Marian Sokołowski (ur. 1940, Wiśniowczyk k. Lwowa) podczas okupacji niemieckiej został wraz z matką wywieziony do Miastka (Rummelsburg) i tam siłą odseparowany. Po dwóch latach i wyzwoleniu przez Armię Czerwoną matka odnalazła go, bezwładnego i rzuconego między zwłoki. Zamieszkali w Słupsku, gdzie po długim dochodzeniu do zdrowia ukończył szkołę podstawową i średnią. Służbę wojskową odbył w siłach powietrznych, ukończył szkołę oficerską jako nawigator. Pracował w Koszalinie jako instruktor nauki obróbki skrawaniem. W latach 70. przeprowadził się do Szczecina, ożenił się, ma syna.
[00:00:10] Autoprezentacja boh. urodzonego w 1940 r. w Wiśniowczyku koło Lwowa.
[00:00:40] W 1943 r. boh. pojechał z matką na rynek do Lwowa na zakupy. Rynek okrążyli Niemcy i banda UPA [?]. Matka i boh. zostali złapani w łapance, wsadzeni do samochodów i wywiezieni przez Kraków i Majdanek do Rummelsburga, po wojnie Miastka.

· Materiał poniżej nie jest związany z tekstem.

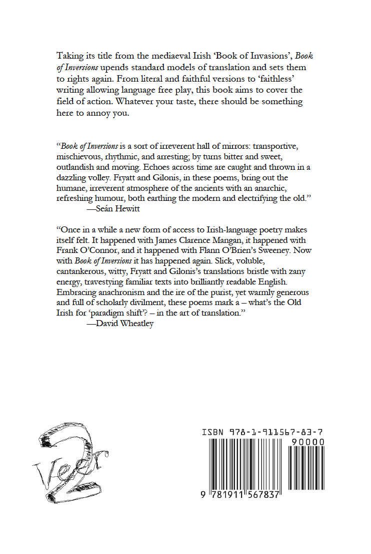 “Once in a while a new form of access to Irish-language poetry makes itself felt. It happened with James Clarence Mangan, it happened with Frank O’Connor, and it happened with Flann O’Brien’s Sweeney. Now with Book of Inversions it has happened again. Slick, voluble, cantankerous, witty, Fryatt and Gilonis’s translations bristle with zany energy, travestying familiar texts into brilliantly readable English. Embracing anachronism and the ire of the purist, yet warmly generous and full of scholarly divilment, these poems mark a – what’s the Old Irish for ‘paradigm shift’? – in the art of translation.”

[00:02:52] Boh. był w obozie przy fabryce przez ponad dwa lata, do wyzwolenia przez Armię Czerwoną. Rosjanie kazali przez megafony szukać swoich dzieci. Matka nie mogła rozpoznać syna, bo leżał bezwładny między trupami. Matka mówiła po polsku, a boh. po niemiecku i nie rozumiała go. Był dla niej obcy. Matka zabrała syna, miała zdobyczny rower i lasami dotarła w okolice Słupska. Osiedliła się we Wrzącej Pomorskiej. [+]
[00:04:33] Matka nie mogła rozpoznać syna, który leżał między trupami innych dzieci w wieku 3-14 lat. Boh. dowiedział się o tym po wojnie, nie pamiętał tego. Ratunek zawdzięczał Bogu – wyżywienie dzieci w obozie. Dziećmi „opiekowały się” kapo, Niemki. Boh., podobnie jak inne dzieci, był bity i przezywany. Przebywano początkowo w bunkrze, który tłumił głosy. Niedaleko był pałac, dzieci zapędzono przez tunel na dziedziniec. Boh. widział stodołę, stajnie, koryta do mycia i barak – w nim spędzano dzień. Nocą dzieci zabierano prawdopodobnie do tunelu. Tak było do wyzwolenia w 1945 r. Matka rozpoznała boh. [+]
[00:08:48] Zamieszkano koło Słupska. Stan zdrowia boh. – matka zawiozła go do Słupska do lekarza. Lekarstwa robiono na zamówienie – opinia lekarza. Boh. zaczął chodzić do szkoły, potem dojeżdżał do szkoły do Słupska. Był w wojsku i na szkoleniu z nawigacji.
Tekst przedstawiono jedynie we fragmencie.